What is expected:
Reproduce the listing exactly, keeping every word as it is.

Records for this exercise:
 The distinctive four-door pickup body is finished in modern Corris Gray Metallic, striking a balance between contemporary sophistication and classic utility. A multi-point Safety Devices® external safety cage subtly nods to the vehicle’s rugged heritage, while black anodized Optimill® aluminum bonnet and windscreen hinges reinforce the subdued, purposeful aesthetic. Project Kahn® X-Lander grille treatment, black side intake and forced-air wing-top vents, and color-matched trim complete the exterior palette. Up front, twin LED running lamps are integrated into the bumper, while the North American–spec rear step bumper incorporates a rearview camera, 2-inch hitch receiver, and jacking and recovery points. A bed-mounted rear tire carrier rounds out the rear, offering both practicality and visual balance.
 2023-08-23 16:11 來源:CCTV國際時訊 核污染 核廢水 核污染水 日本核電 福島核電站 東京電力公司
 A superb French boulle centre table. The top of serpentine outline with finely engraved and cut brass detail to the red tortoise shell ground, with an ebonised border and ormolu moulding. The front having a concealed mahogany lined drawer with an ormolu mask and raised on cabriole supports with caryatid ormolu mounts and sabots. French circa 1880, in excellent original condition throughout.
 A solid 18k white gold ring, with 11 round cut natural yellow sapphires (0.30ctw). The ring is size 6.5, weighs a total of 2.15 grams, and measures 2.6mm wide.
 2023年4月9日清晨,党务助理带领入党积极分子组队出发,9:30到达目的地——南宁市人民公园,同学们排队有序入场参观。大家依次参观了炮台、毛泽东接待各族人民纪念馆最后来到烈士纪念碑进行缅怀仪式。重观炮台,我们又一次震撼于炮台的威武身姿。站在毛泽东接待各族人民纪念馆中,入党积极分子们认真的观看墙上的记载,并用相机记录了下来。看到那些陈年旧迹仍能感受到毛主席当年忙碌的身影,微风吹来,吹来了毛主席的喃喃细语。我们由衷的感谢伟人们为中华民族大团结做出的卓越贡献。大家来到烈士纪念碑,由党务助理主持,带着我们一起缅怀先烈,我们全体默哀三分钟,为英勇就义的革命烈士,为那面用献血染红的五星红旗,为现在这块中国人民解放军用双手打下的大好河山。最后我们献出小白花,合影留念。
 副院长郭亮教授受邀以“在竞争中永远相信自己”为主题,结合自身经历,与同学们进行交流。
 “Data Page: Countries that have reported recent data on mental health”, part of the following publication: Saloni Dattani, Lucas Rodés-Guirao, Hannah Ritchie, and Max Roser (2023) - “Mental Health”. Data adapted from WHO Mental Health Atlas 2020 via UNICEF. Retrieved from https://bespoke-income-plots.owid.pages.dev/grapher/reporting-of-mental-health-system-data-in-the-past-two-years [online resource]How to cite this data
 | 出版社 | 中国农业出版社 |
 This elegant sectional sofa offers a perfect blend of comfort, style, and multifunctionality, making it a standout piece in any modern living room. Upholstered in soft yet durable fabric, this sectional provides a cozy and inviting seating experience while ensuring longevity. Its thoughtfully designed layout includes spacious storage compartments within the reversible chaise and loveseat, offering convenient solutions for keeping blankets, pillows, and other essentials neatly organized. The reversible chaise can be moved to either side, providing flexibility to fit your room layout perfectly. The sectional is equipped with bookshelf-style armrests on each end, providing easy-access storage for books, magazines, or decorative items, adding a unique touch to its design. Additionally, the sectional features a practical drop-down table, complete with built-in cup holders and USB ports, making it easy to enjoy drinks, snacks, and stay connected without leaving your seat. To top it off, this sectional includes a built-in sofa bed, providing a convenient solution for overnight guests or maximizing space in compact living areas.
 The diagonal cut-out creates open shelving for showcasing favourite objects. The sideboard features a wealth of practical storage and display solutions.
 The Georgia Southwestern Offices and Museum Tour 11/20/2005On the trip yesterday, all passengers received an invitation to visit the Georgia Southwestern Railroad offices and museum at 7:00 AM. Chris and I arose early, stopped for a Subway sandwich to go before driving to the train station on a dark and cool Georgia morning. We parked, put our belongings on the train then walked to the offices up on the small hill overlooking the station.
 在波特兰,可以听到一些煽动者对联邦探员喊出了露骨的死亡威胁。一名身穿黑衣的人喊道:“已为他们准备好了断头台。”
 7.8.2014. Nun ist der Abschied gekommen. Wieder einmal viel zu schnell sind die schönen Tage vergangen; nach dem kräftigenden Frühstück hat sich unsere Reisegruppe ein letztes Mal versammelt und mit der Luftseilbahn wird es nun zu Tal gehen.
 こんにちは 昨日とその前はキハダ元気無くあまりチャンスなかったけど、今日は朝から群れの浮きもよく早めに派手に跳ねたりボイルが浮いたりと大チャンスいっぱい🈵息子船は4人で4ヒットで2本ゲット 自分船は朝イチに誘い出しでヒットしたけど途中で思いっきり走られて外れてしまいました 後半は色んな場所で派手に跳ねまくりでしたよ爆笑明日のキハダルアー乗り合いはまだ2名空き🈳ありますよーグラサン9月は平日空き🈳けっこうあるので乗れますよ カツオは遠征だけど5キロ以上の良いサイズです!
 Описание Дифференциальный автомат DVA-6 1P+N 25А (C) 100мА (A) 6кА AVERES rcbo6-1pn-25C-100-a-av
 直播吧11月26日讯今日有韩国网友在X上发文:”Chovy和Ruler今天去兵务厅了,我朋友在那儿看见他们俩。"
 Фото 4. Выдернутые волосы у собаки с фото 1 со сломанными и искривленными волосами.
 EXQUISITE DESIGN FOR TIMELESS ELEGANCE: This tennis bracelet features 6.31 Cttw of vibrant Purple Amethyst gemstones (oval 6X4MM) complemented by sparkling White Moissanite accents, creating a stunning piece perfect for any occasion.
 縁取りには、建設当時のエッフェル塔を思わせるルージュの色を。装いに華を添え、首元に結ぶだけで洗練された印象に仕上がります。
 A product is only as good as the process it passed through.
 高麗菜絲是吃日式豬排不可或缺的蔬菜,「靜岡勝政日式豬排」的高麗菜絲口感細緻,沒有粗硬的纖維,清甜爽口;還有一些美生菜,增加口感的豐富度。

Task output:
 The distinctive four-door pickup body is finished in modern Corris Gray Metallic, striking a balance between contemporary sophistication and classic utility. A multi-point Safety Devices® external safety cage subtly nods to the vehicle’s rugged heritage, while black anodized Optimill® aluminum bonnet and windscreen hinges reinforce the subdued, purposeful aesthetic. Project Kahn® X-Lander grille treatment, black side intake and forced-air wing-top vents, and color-matched trim complete the exterior palette. Up front, twin LED running lamps are integrated into the bumper, while the North American–spec rear step bumper incorporates a rearview camera, 2-inch hitch receiver, and jacking and recovery points. A bed-mounted rear tire carrier rounds out the rear, offering both practicality and visual balance.
 2023-08-23 16:11 來源:CCTV國際時訊 核污染 核廢水 核污染水 日本核電 福島核電站 東京電力公司
 A superb French boulle centre table. The top of serpentine outline with finely engraved and cut brass detail to the red tortoise shell ground, with an ebonised border and ormolu moulding. The front having a concealed mahogany lined drawer with an ormolu mask and raised on cabriole supports with caryatid ormolu mounts and sabots. French circa 1880, in excellent original condition throughout.
 A solid 18k white gold ring, with 11 round cut natural yellow sapphires (0.30ctw). The ring is size 6.5, weighs a total of 2.15 grams, and measures 2.6mm wide.
 2023年4月9日清晨,党务助理带领入党积极分子组队出发,9:30到达目的地——南宁市人民公园,同学们排队有序入场参观。大家依次参观了炮台、毛泽东接待各族人民纪念馆最后来到烈士纪念碑进行缅怀仪式。重观炮台,我们又一次震撼于炮台的威武身姿。站在毛泽东接待各族人民纪念馆中,入党积极分子们认真的观看墙上的记载,并用相机记录了下来。看到那些陈年旧迹仍能感受到毛主席当年忙碌的身影,微风吹来,吹来了毛主席的喃喃细语。我们由衷的感谢伟人们为中华民族大团结做出的卓越贡献。大家来到烈士纪念碑,由党务助理主持,带着我们一起缅怀先烈,我们全体默哀三分钟,为英勇就义的革命烈士,为那面用献血染红的五星红旗,为现在这块中国人民解放军用双手打下的大好河山。最后我们献出小白花,合影留念。
 副院长郭亮教授受邀以“在竞争中永远相信自己”为主题,结合自身经历,与同学们进行交流。
 “Data Page: Countries that have reported recent data on mental health”, part of the following publication: Saloni Dattani, Lucas Rodés-Guirao, Hannah Ritchie, and Max Roser (2023) - “Mental Health”. Data adapted from WHO Mental Health Atlas 2020 via UNICEF. Retrieved from https://bespoke-income-plots.owid.pages.dev/grapher/reporting-of-mental-health-system-data-in-the-past-two-years [online resource]How to cite this data
 | 出版社 | 中国农业出版社 |
 This elegant sectional sofa offers a perfect blend of comfort, style, and multifunctionality, making it a standout piece in any modern living room. Upholstered in soft yet durable fabric, this sectional provides a cozy and inviting seating experience while ensuring longevity. Its thoughtfully designed layout includes spacious storage compartments within the reversible chaise and loveseat, offering convenient solutions for keeping blankets, pillows, and other essentials neatly organized. The reversible chaise can be moved to either side, providing flexibility to fit your room layout perfectly. The sectional is equipped with bookshelf-style armrests on each end, providing easy-access storage for books, magazines, or decorative items, adding a unique touch to its design. Additionally, the sectional features a practical drop-down table, complete with built-in cup holders and USB ports, making it easy to enjoy drinks, snacks, and stay connected without leaving your seat. To top it off, this sectional includes a built-in sofa bed, providing a convenient solution for overnight guests or maximizing space in compact living areas.
 The diagonal cut-out creates open shelving for showcasing favourite objects. The sideboard features a wealth of practical storage and display solutions.
 The Georgia Southwestern Offices and Museum Tour 11/20/2005On the trip yesterday, all passengers received an invitation to visit the Georgia Southwestern Railroad offices and museum at 7:00 AM. Chris and I arose early, stopped for a Subway sandwich to go before driving to the train station on a dark and cool Georgia morning. We parked, put our belongings on the train then walked to the offices up on the small hill overlooking the station.
 在波特兰,可以听到一些煽动者对联邦探员喊出了露骨的死亡威胁。一名身穿黑衣的人喊道:“已为他们准备好了断头台。”
 7.8.2014. Nun ist der Abschied gekommen. Wieder einmal viel zu schnell sind die schönen Tage vergangen; nach dem kräftigenden Frühstück hat sich unsere Reisegruppe ein letztes Mal versammelt und mit der Luftseilbahn wird es nun zu Tal gehen.
 こんにちは 昨日とその前はキハダ元気無くあまりチャンスなかったけど、今日は朝から群れの浮きもよく早めに派手に跳ねたりボイルが浮いたりと大チャンスいっぱい🈵息子船は4人で4ヒットで2本ゲット 自分船は朝イチに誘い出しでヒットしたけど途中で思いっきり走られて外れてしまいました 後半は色んな場所で派手に跳ねまくりでしたよ爆笑明日のキハダルアー乗り合いはまだ2名空き🈳ありますよーグラサン9月は平日空き🈳けっこうあるので乗れますよ カツオは遠征だけど5キロ以上の良いサイズです!
 Описание Дифференциальный автомат DVA-6 1P+N 25А (C) 100мА (A) 6кА AVERES rcbo6-1pn-25C-100-a-av
 直播吧11月26日讯今日有韩国网友在X上发文:”Chovy和Ruler今天去兵务厅了,我朋友在那儿看见他们俩。"
 Фото 4. Выдернутые волосы у собаки с фото 1 со сломанными и искривленными волосами.
 EXQUISITE DESIGN FOR TIMELESS ELEGANCE: This tennis bracelet features 6.31 Cttw of vibrant Purple Amethyst gemstones (oval 6X4MM) complemented by sparkling White Moissanite accents, creating a stunning piece perfect for any occasion.
 縁取りには、建設当時のエッフェル塔を思わせるルージュの色を。装いに華を添え、首元に結ぶだけで洗練された印象に仕上がります。
 A product is only as good as the process it passed through.
 高麗菜絲是吃日式豬排不可或缺的蔬菜,「靜岡勝政日式豬排」的高麗菜絲口感細緻,沒有粗硬的纖維,清甜爽口;還有一些美生菜,增加口感的豐富度。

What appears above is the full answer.